In: Statistics and Probability
Use the CO2 data and via Multiple regression select the two variables that predict the CO2 level with the best P-value. Make another table with these two variables and answer the questions. Numerical answers are rounded so choose the answer that matches the best:
Hour CO Traffic Wind
1 2.4 50 -0.2
2 1.7 26 0.0
3 1.4 16 0.0
4 1.2 10 0.0
5 1.2 12 0.1
6 2.0 41 -0.1
7 3.4 157 -0.1
8 5.8 276 -0.2
9 6.8 282 0.2
10 6.6 242 1.0
11 6.3 200 2.3
12 5.8 186 3.8
13 5.5 179 4.6
14 5.9 178 5.4
15 6.8 203 5.9
16 7.0 264 5.9
17 7.4 289 5.6
18 7.4 308 4.9
19 6.4 267 3.8
20 5.0 190 2.5
21 3.8 125 1.4
22 3.5 120 0.6
23 3.3 116 0.4
24 3.1 87 0.1
Answer the questions for Assessment:
13. What are the two selected variables? a. Hour and Traffic b. Wind and Traffic c. Hour and Wind
14. Which of the variables has a better P-value and what is this P-value? (Note: numbers are truncated.) a. Traffic; 0.018 b. Traffic; 6.85E-12 c. Wind; 0.0056 d. Wind; 0.174
15. Based on the table, how would you characterize the Regression fit? a. Poor b. Good c. Excellent
16. What is another name for the coefficient 1.274461 and what is its interpretation based on the data? a. The X-intercept; when the average weekday traffic density and the perpendicular wind-speed component are zero.
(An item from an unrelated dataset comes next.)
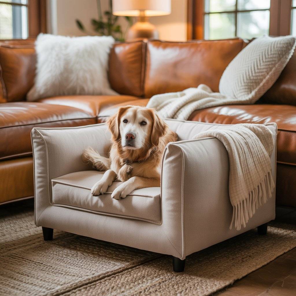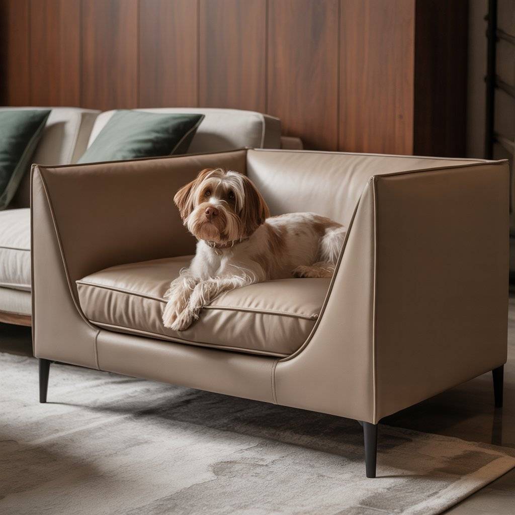 In a luxury dog bed or modern pet sofa, neutral upholstery allows the shape and materials to stand out instead of the color screaming for attention.

b. The slope of an average summer weekday's CO2 concentration. It is how much the CO2 concentration will increase when both the average weekday traffic density and the perpendicular wind-speed component increase by 1 unit.
c. The Y-intercept; It is how much the CO2 concentration will increase when both the average weekday traffic density and the perpendicular wind-speed component are zero.
d. The Y-intercept; it is the average summer weekday CO2 concentration when the average weekday traffic density and the perpendicular wind-speed component are zero.
e. None of these
I used R software to solve this question.
R codes and output:
d=read.table('co2.csv',header=TRUE, sep=',')
> head(d)
Hour CO Traffic Wind
1 1 2.4 50 -0.2
2 2 1.7 26 0.0
3 3 1.4 16 0.0
4 4 1.2 10 0.0
5 5 1.2 12 0.1
6 6 2.0 41 -0.1
> attach(d)
> fit=lm(CO~Hour+Traffic+Wind)
> summary(fit)
Call:
lm(formula = CO ~ Hour + Traffic + Wind)
Residuals:
Min 1Q Median 3Q Max
-0.67461 -0.31714 -0.04293 0.26546 0.91662
Coefficients:
Estimate Std. Error t value Pr(>|t|)
(Intercept) 1.305220 0.206791 6.312 3.68e-06 ***
Hour -0.005669 0.014552 -0.390 0.700976
Traffic 0.018040 0.001205 14.976 2.48e-12 ***
Wind 0.231560 0.050749 4.563 0.000189 ***
---
Signif. codes: 0 ‘***’ 0.001 ‘**’ 0.01 ‘*’ 0.05 ‘.’ 0.1 ‘ ’ 1
Residual standard error: 0.4346 on 20 degrees of freedom
Multiple R-squared: 0.9648, Adjusted R-squared: 0.9595
F-statistic: 182.9 on 3 and 20 DF, p-value: 1.056e-14
Que.13
Wind and Traffic
Because their p-values are less than 0.05.
Que.14
Traffic; 6.85E-12
Que.15
Excellent
Because test for overall significance is F-statistic: 182.9 on 3 and 20 DF, p-value: 1.056e-14
The p-value is less than 0.05, hence model is statistically significant. and it will explain 96.48% variation in CO2.
Que.16
The Y-intercept; it is the average summer weekday CO2 concentration when the average weekday traffic density and the perpendicular wind-speed component are zero.